The girl group connection feels like the final key to understanding the tradition the New York Dolls were grounded in. Yes, these were boys who’d witnessed The Beatles’ arrival in New York during the girl groups’ peak, but in all of that footage taken by the Maysles brothers during that stop on their first US visit, there are girls so clearly from the outer boroughs–all teased hair and dark eye makeup, thick accents heard even in their screams, dressing and speaking the way those girl groups did on the national stage–everywhere. In the footage of the four twisting in the Peppermint Lounge, these girls match them step for step, just as charismatic when the camera turns their direction. Girls like them–just in their attitude, musical ability or interest was secondary–shaped the New York Dolls as much as The Beatles did, if not more. After all, who do the Dolls emulate more on the cover of the self-titled album? In whose image did these boys make themselves over?

After the release of their debut album, the New York Dolls went on to record Too Much Too Soon (a title which seemed engineered to be the set-up to many jokes made by music writers after the band’s demise) and provide Malcolm McLaren with a dry run for his time with the Sex Pistols by letting him manage them for brief period and slowly splinter apart by 1975—when Johnny Thunders and Jerry Nolan were the first to make their exit. Now, the lineup has almost fully succumbed to the New York Dolls curse that so many claimed their band had been born under: Johnny Thunders died of a heroin overdose in 1991, Jerry Nolan died of a stroke the following year, Arthur Kane died of leukemia he was diagnosed with only two hours before his death in 2004 and Sylvain Sylvain lost his battle with cancer in 2021.

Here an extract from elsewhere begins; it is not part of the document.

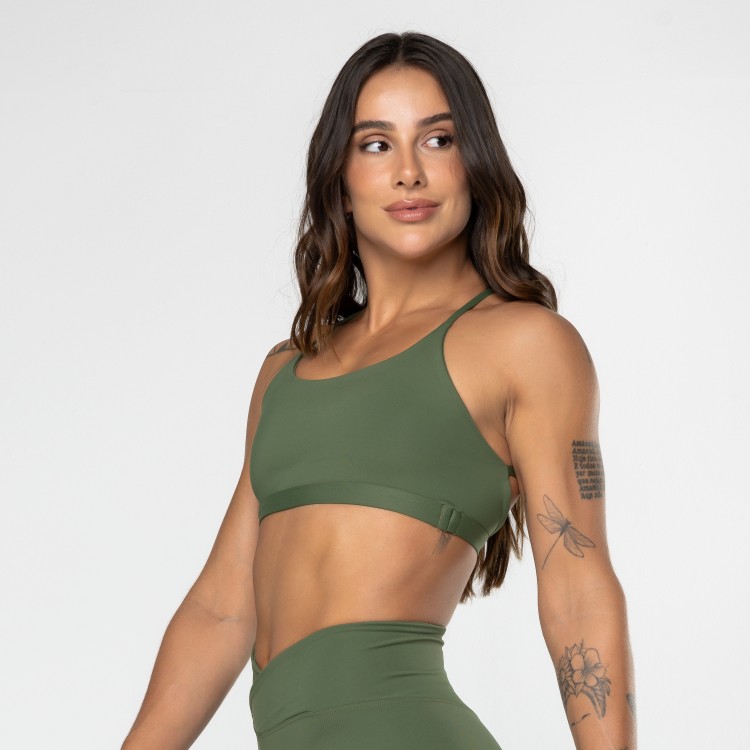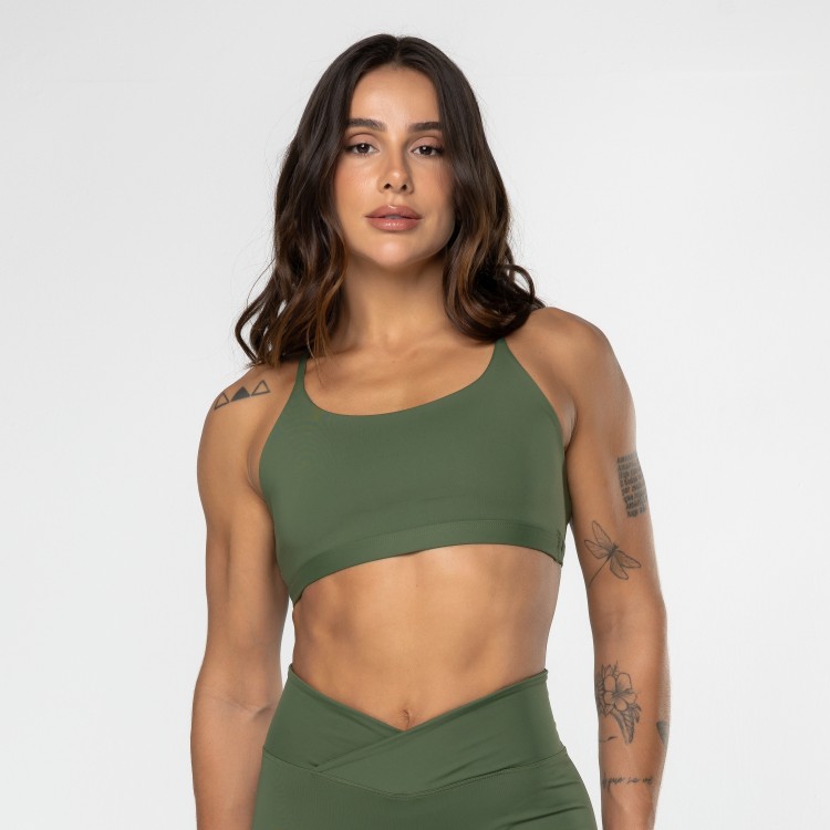 Nosso Top Gaia possui lindo desenho cruzado nas costas, e apesar de possuir alças finas, possui excelente sustentação pelas alças possuírem elástico embutido.

Before the camera in Personality Crisis, lone Doll survivor David Johansen is asked whether he ever feared an early death, especially in light of bandmate Billy Murica’s death at 21. “No,” Johansen answers immediately in that accent I mourn, ever-deadpan with something wry in his voice that only comes through when you’re from where he’s from. “I never learned my lesson.”

In terms of making those city connections, it made perfect sense that Scorsese would jump at the chance to make a half-documentary, half-concert film marking the 50th anniversary of Johansen’s recording career, if only because their respective artistic output documents the seedy underbelly of the city they both grew up in. Yet, they captured it from opposite angles. Scorsese has famously painted many portraits of machismo and disaffection running rampant on Manhattan’s side streets, watching objectively as it all manifests in his characters’ demises. If Travis Bickle denounced what he viewed as the scum of the street, the New York Dolls were that scum’s runoff, clambering their way out of the sewers to antagonize people who made their disdain clear.

The New York Dolls’ work was a bombastic celebration of the people who are still viewed by many as outsiders, as existing on the margins—queer communities, immigrant communities, gender non-conformers of all kinds. It’s no coincidence that those groups made up a sizable chunk of the Dolls’ fervent New York audience while the band existed. They trafficked the world of “other” and worked at a grotesque level of camp that masqueraded as glamor, picking it apart and exaggerating its whims in their own efforts to ask why they couldn’t do the same. Their inherent otherness was their super power. They thought it could be yours, too.